Throwback Thursday: Anteating Howler Butterflies

This post was originally published on August 2nd, 2011.

While walking to Morgan’s Rock’s lobby yesterday morning, Pierre heard some rustling in the bushes on our right. We looked for the source and were stunned to see an anteater standing on its hind legs, spreading its arms and swaying about like a drunkard but in fact trying to dissuade us from attacking it by trying to appear larger (it was bigger than a very fat house cat, but not by much). I immediately pulled my video camera from my pocket and started filming, and although the anteater had ceased his humorous movements and started climbing a very thin sapling, the footage was incredibly fortunate and very entertaining.

Since the tree he decided to grasp was so young, it started to bend as he climbed higher, reminding me of cartoons where characters are catapulted out of the branches after a certain point. The anteater was less than a meter away and at times looked like a teddy bear, but as a wild animal—and one with claws in full display at that—we refrained from touching him and were satisfied with a video. Eventually, the formicary raider descended the sapling and chose a better escape tree (in a pose reminiscent of the boa’s in a previous post), and we left happy with the sighting of what I thought I’d only be able to see in the summer when foliage was less dense.

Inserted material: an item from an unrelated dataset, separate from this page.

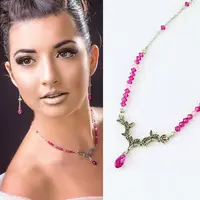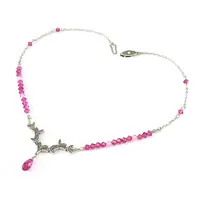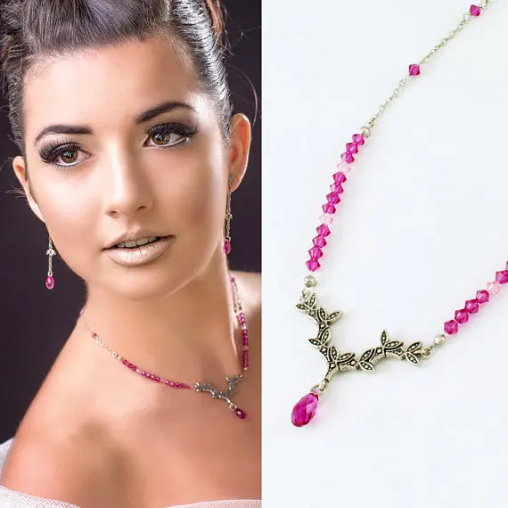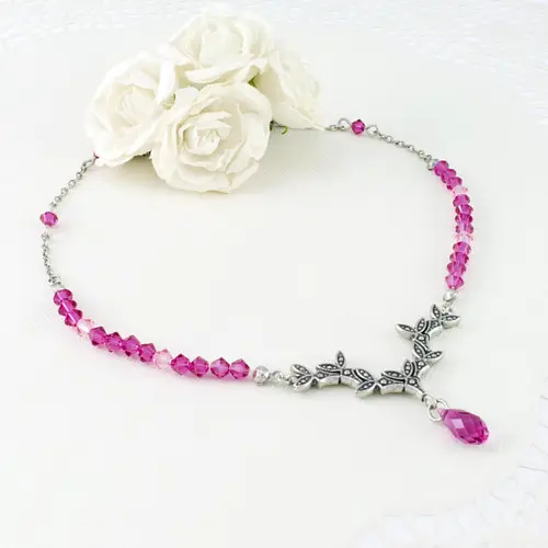 The necklace is made of antique silver plated brass with delicate leaf pendant and hot pink Swarovski crystals.
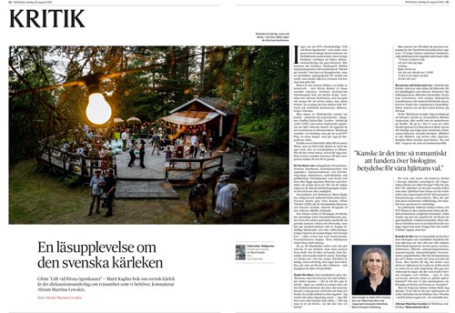 "Jag kan härmed högtidligt lova att den som öppnar Marit Kaplas nya bok Kärlek på svenska inte kommer att kunna sluta läsa. [...] Det dokumentära gör att saker sägs som ingen litterär fantasi riktigt skulle komma på eller anse värdig. Som nu den samiske man som berättar att han i sin blyga ungdom såg att en släkting till honom blundade när han dansade med en flicka på dansbanan på Jokkmokks marknad. Aha, är det så man ska göra, tänkte han och provade: ”Så jag bjöd upp. / Till slut fick jag upp någon tjej. / Sen blundade jag när vi höll på där. / Efter några varv kollade jag / då var hon borta.”

Later in the day I was walking in the woods when I started to see more and more blue morpho butterflies slowly gliding and fluttering in and out of the trail, startled by my movement. I don’t have a close-up photo of the blue part of the wings, so I can’t be sure of the specific species, but the blue iridescent wings are enough for me and since seeing them on occasion in the Costa Rican rainforest, these have long been my favorite butterflies (for obvious reasons). I was very surprised to see such a dense population of them so close to the trails, and thought that it may be because there are a lot of pochote trees along the trails, since recently I started seeing patches of big caterpillars on pochotes, and I thought that they might be the morpho larvae until I Ecosia’ed the morpho caterpillar and saw that they look very different. Perhaps I’ll be able to learn more from a guidebook in the coming days. The following video, which begins with a quick sample of a howler monkey’s vocal-chord fight with another male, includes many of the blue butterflies I saw on the trail.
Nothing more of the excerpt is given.